USA, California, Los Angeles
7.6 (9)
Course Opened: 1921

Owner of the most valuable golf real estate in America, the Los Angeles Country Club is located in the heart of Beverly Hills and significant in golfing circles for its North Course, which was redesigned by member George Thomas in 1927. An amateur architect from Philadelphia, Thomas moved to California in 1920 and helped supervise Herbert Fowler’s initial renovations of the club’s two courses the following year. His later work at Riviera and Bel-Air made him the hottest designer on the West Coast, and he was soon able to convince his home club to allow him to update Fowler’s design, starting with the North Course.
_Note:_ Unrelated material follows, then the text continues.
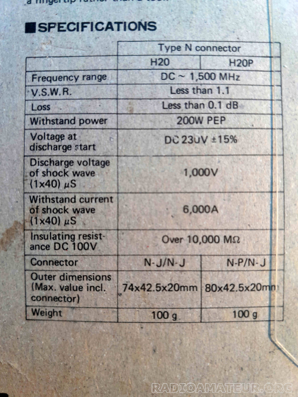 Cède parafoudre de marque Revex modèle H20 connectique N neuf dans son emballage d'origine. De préférence à prendre. Envoi possible par Mondial Relay à la charge et aux risques de l’acheteur.https://radioamateur.org/proposer-une-annonce-radio#next

Thomas’s main issues with the existing course were the lack of strategic play and the fact that holes didn’t properly utilize the land’s natural golf topography. Although he kept much of Fowler’s routing, Thomas designed four entirely new holes and, with shaper William Bell, added great variety and flair by rebuilding each of the greens and replacing the straight-lined bunkers with more irregular shapes. He also came up with the radical concept of building a course within a course, designing his holes with great elasticity so that a change of tee or flag location could affect the character, or even the par, of an individual hole.
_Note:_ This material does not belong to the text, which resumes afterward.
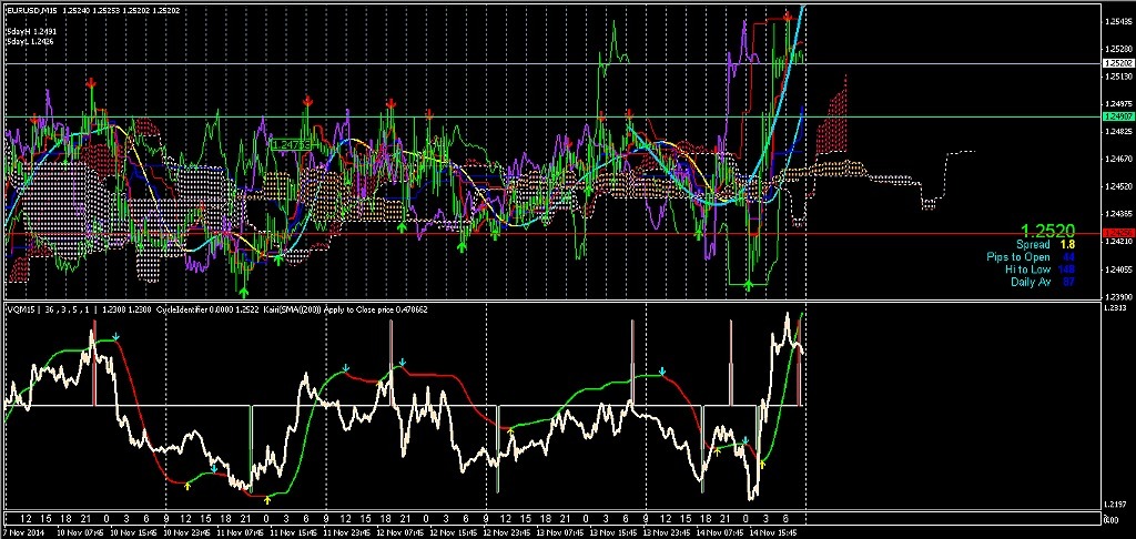 2014/11/17 - けろけろさんの株式ブログ。タイトル:「2014-11-17 15分足」 本文:昨日までの動き左から (チャートの時間は7時間程度遅れてます)--ユーロドル-- --ユーロ・円--

With the reopening of the North Course, Thomas elevated parkland golf on the West Coast to a new level, his layout flowing beautifully across the pronounced ground contours and featuring one distinctive hole after another. Though the core of his course survived largely intact, a number of holes were lengthened during the 1960s and his bunkers and features formalized over time. Thankfully a restoration program undertaken by Gil Hanse, and completed in 2010, managed to return the design to Thomas’s original intent and, mercifully, reverse the slow deterioration of Bell’s incredible green and bunker shapes. One of the chief beneficiaries was the harrowing short par four 6th, once neutered by tree encroachment and penal changes to its small green and skinny approach area.
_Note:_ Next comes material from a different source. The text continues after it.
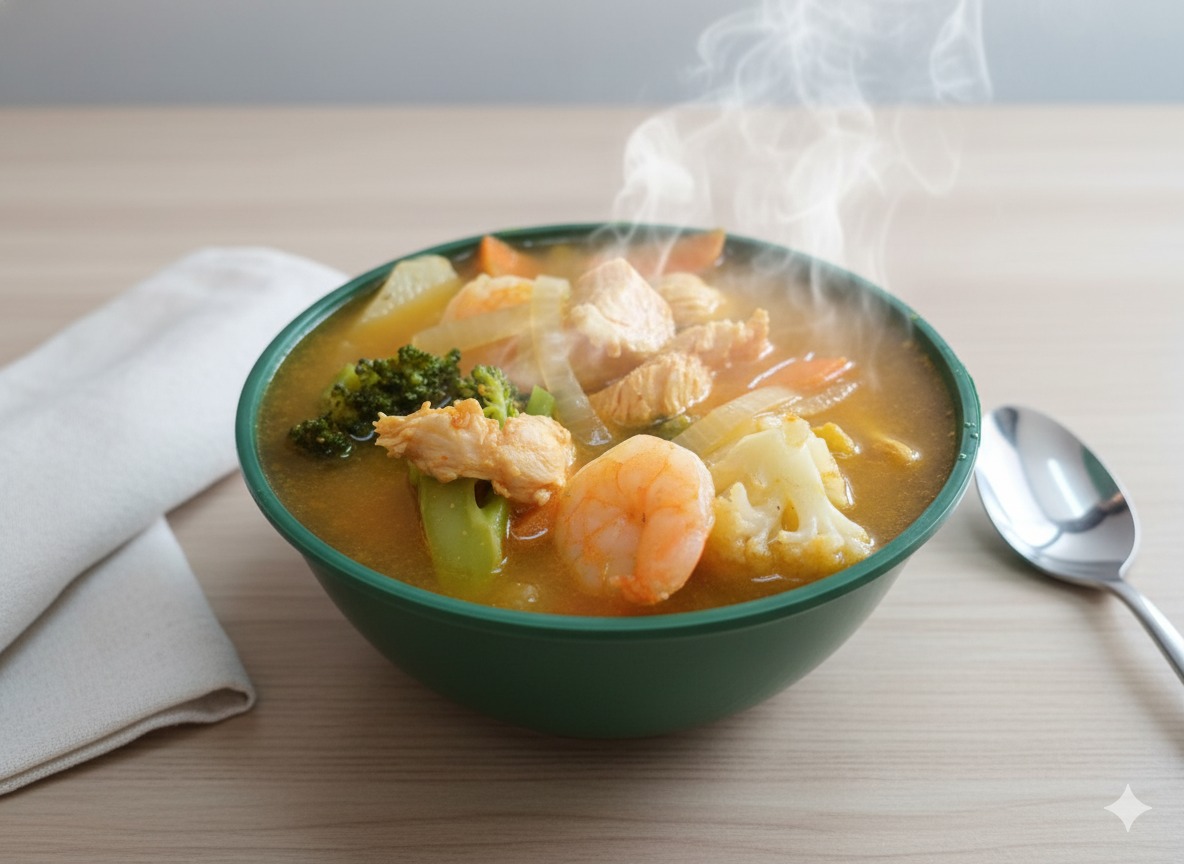 Deliciosa sopa de la casa, papa, proteína a escoger, verduras.

Although the front nine is more compact than the back, there is a renewed cohesion across the entire property and wonderful holes dotted throughout the round. As is the case on other Thomas courses, players are continually confronted by interesting golf decisions and outstanding examples of strategic design. The use of ravines, ridges and a large sandy wash running across the site is exceptional. There are a couple of holes where natural contours are no longer in play for the longer hitters, but the layout remains relevant because its bunkers are expertly located and the putting surfaces place such a great premium on quality approach play. The par threes are particularly good: The 7th and reverse-Redan-shaped 11th are longer holes cleverly shaped to allow well-struck balls to chase toward tight flags, while both the 9th and 15th are shorter but feature exquisitely built green sites with some truly treacherous pin locations. The two-shot holes are also challenging and diverse, from the wildly undulating 3rd and crested 5th through to the stretch of strong, well-bunkered par fours that close the round.

Interestingly, George Thomas regarded this as his finest piece of work, yet he fully expected the better designs of his generation to be quickly surpassed by modern golf architects. That hasn’t happened in this state, and thanks to a strong routing and the sensitive restoration of its wonderful old design, the North Course at LA Country Club remains one of California’s best.